Dinah sourit et me rend le téléphone.

«Mignon», dit-elle. "Ils vont être un vrai succès, ces deux-là."

J’aimerais pouvoir être aussi confiant à ce sujet qu’elle en a l’air.

Puis, alors que je m'apprête à ranger mon téléphone, il se met à sonner dans ma main, si fort que je le laisse tomber accidentellement. Le mimosa de Dinah bascule dans un jet de mousse et elle saute, éloignant d'elle son haut maintenant mouillé.

"Oh non! Je suis vraiment désolé. Laisse-moi te chercher une serviette… »

Elle récupère mon téléphone dans la flaque d’eau qui se forme autour sur le comptoir.

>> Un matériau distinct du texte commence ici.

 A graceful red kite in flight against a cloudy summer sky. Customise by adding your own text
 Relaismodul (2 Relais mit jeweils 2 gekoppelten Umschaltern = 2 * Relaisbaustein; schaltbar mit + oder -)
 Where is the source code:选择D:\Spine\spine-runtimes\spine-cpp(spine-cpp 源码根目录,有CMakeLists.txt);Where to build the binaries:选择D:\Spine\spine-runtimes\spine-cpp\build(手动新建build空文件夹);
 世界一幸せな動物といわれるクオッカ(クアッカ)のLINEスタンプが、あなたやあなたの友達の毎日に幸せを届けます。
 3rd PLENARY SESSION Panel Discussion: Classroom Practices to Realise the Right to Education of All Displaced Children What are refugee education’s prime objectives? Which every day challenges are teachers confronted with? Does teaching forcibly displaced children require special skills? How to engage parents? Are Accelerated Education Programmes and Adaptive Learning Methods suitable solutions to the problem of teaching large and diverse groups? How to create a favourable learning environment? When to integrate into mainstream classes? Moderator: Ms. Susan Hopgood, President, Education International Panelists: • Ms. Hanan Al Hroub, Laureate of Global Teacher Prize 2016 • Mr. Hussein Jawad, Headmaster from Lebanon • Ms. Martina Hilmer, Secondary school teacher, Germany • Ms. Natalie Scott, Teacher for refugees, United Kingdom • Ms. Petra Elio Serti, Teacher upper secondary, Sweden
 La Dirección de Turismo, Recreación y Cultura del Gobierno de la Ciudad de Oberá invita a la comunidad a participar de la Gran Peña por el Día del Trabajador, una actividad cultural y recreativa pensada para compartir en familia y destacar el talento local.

« Répondez-y. C'est ta mère."

Je lui prends le téléphone dégoulinant et me mets en colère. Je ne suis pas d'humeur en ce moment, mais je sais que si je ne décroche pas, elle me laissera un de ces messages vocaux décousus de dix minutes que je dois encore écouter, car parfois elle enterre la seule chose importante. juste à la fin, comme une sorte de test.

Je suppose que c'est ce qui arrive quand on est une fille fiable. Parfois, je ne peux m'empêcher de penser à quel point ce serait plus facile d'être ma sœur.

J'ai appuyé sur Accepter.

"Maman?"

Elle ne répond pas tout de suite. Il y a quelque chose dans la pause, dans la façon dont l'air semble crépiter autour de moi, qui me retourne l'estomac et me ramène à il y a quatorze mois, lorsque maman m'a appelé pour me parler de papa. Cette même mélasse, cette sensation au ralenti de la réalité qui ralentit. Je me stabilise. Je suis juste en train de l'imaginer, je dois l'être.

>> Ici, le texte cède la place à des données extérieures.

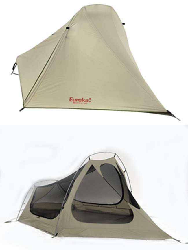 Spitfire是Eureka 小型轻量帐篷的杰作之一,图上方为搭上外帐,下方为纯内帐。
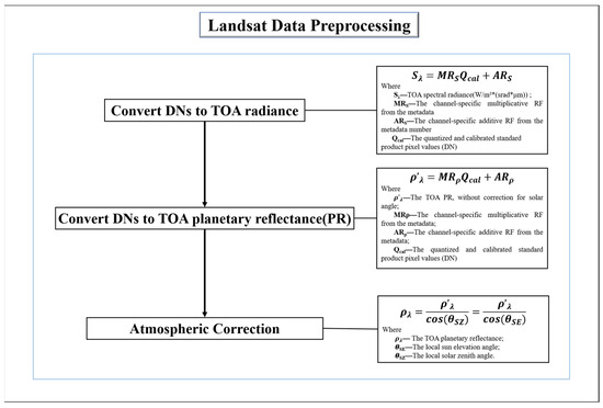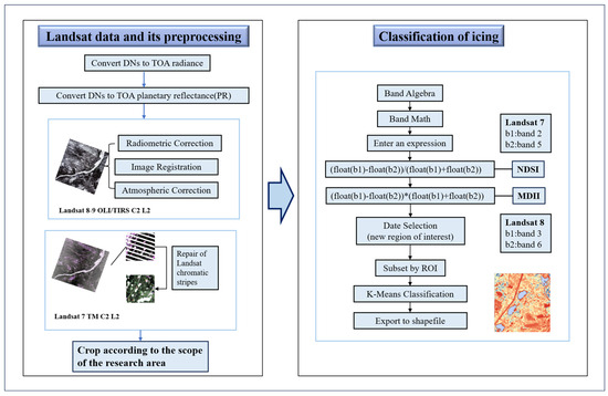 In this study, the icing area in Eruu was extracted and analyzed, focusing on the clear icing area in the study region from January to May, 2005 to 2024. Before calculating the water index, the remote sensing data must first undergo preprocessing. The DN values should be converted to TOA radiation and TOA reflectance, and dark targets should be removed. Following this, atmospheric correction should be performed. The purpose of atmospheric correction is to eliminate the influence of atmospheric and illumination factors on ground object reflectance and to obtain key physical model parameters, such as reflectance, emissivity, and surface temperature. This process also removes the effects of atmospheric components, including water vapor, oxygen, carbon dioxide, methane, and ozone, on ground reflectance. It also corrects for scattering effects caused by atmospheric molecules and aerosols. Radiometric correction addresses all radiation-related errors. Its goal is to remove interference and obtain accurate reflectance data. During atmospheric correction, data in non-BIL or BIP formats must be converted using the Convert Interleave tool, and the average elevation of the image should be calculated. Atmospheric correction is the process of eliminating radiation errors caused by atmospheric interference and retrieving the true surface emissivity of ground objects. The detailed preprocessing steps for the remote sensing data are shown in Figure 2.
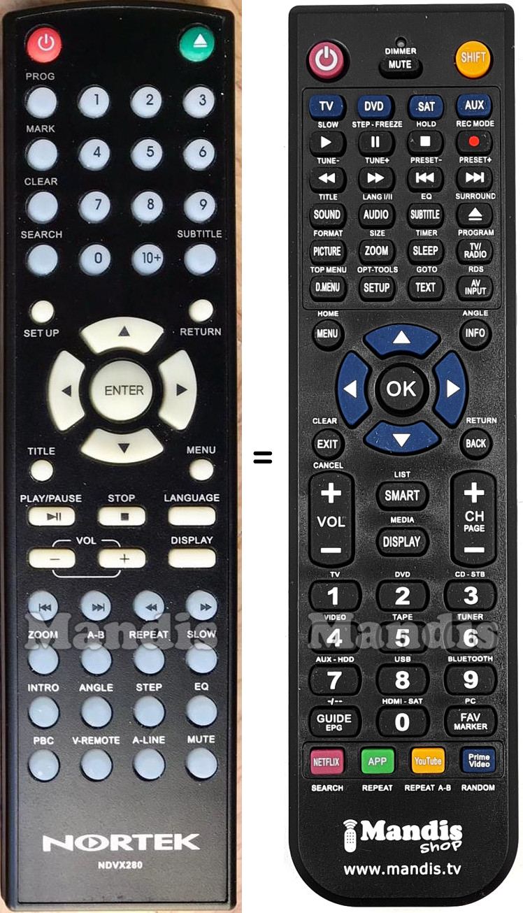 Below, we will show you the correspondence between each button on the original remote control and the button that performs the same function on the replacement remote control. In some cases, you may need to press the SHIFT key before pressing another button to perform certain actions. These additional functions are often not widely used and are included to facilitate understanding of the replacement remote control, or because the original remote control has more buttons than its equivalent.
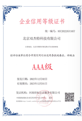 目前,公司已評為高新技術企業(yè),在政府招投標項目中被評為“AAA級信用企業(yè)”和“重合同 守信用企業(yè)”;并已通過了ISO9001質量管理體系認證、ISO14001、ISO18001等系列認證。
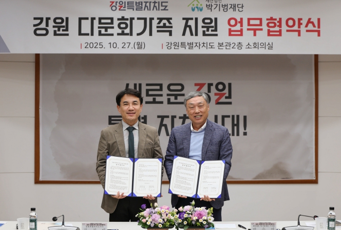 [뉴스스텝] 강원특별자치도는 10월 27일 오후 3시 30분, 도청 본관2층 소회의실에서 재단법인 박기범재단과 강원 다문화가족 지원을 위한 업무협약을 체결했다.
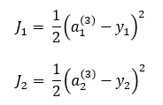 우리의 목표는 J1과 J2의 값이 최소가 되도록 w1,1(1)~w2,2(2)를 결정해야 합니다.
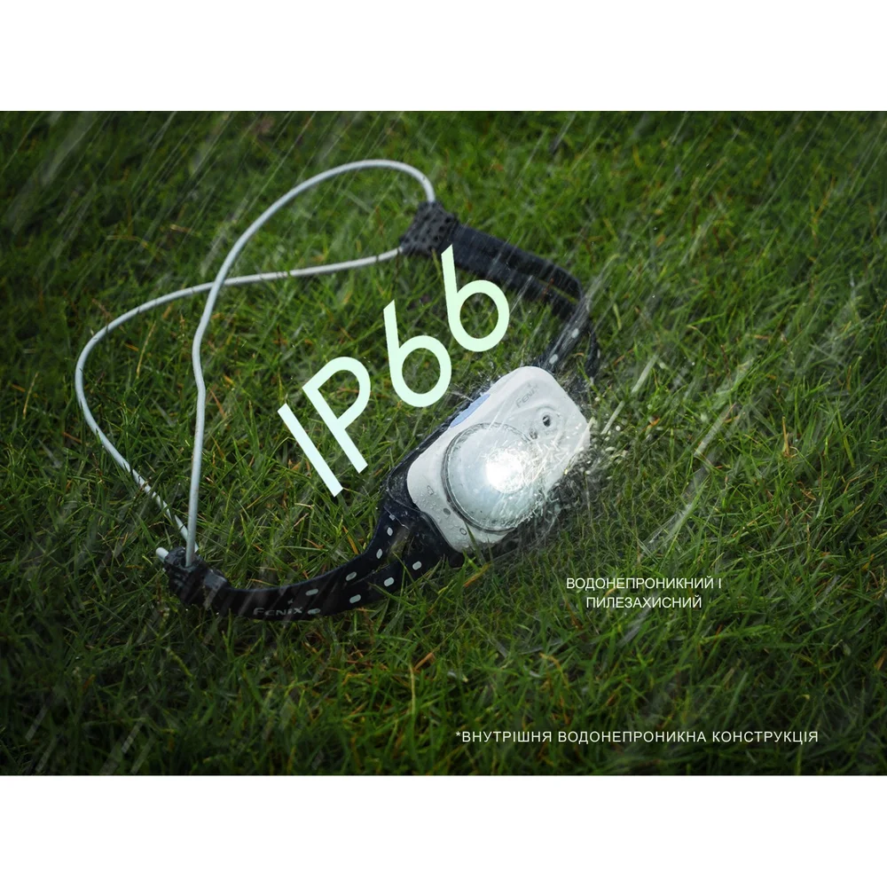 Корпус выполнен из пластика с поликарбонатной линзой, что делает конструкцию легкой (лишь 65 г с аккумулятором) и одновременно устойчивой к повседневным нагрузкам, в частности к падению с высоты 1 м. Герметичность соответствует классу IP66 : оболочка полностью пылезащищена и выдерживает. Зарядный порт USB-C имеет внутреннюю влагозащиту.

« Gillian », dit-elle finalement, sa voix claire mais tendue comme un fil. "C'est ta soeur. Elle est… » Maman inspire. "Elle est partie."

Disparu? Mon esprit tourbillonne.

« Comment ça, parti ? Parti où ?

Les mots de maman arrivent lentement, comme si elle devait les aligner dans sa tête avant de pouvoir les prononcer.

"Eh bien, c'est juste ça, Gillian. Nous ne le savons pas. Elle est juste… partie.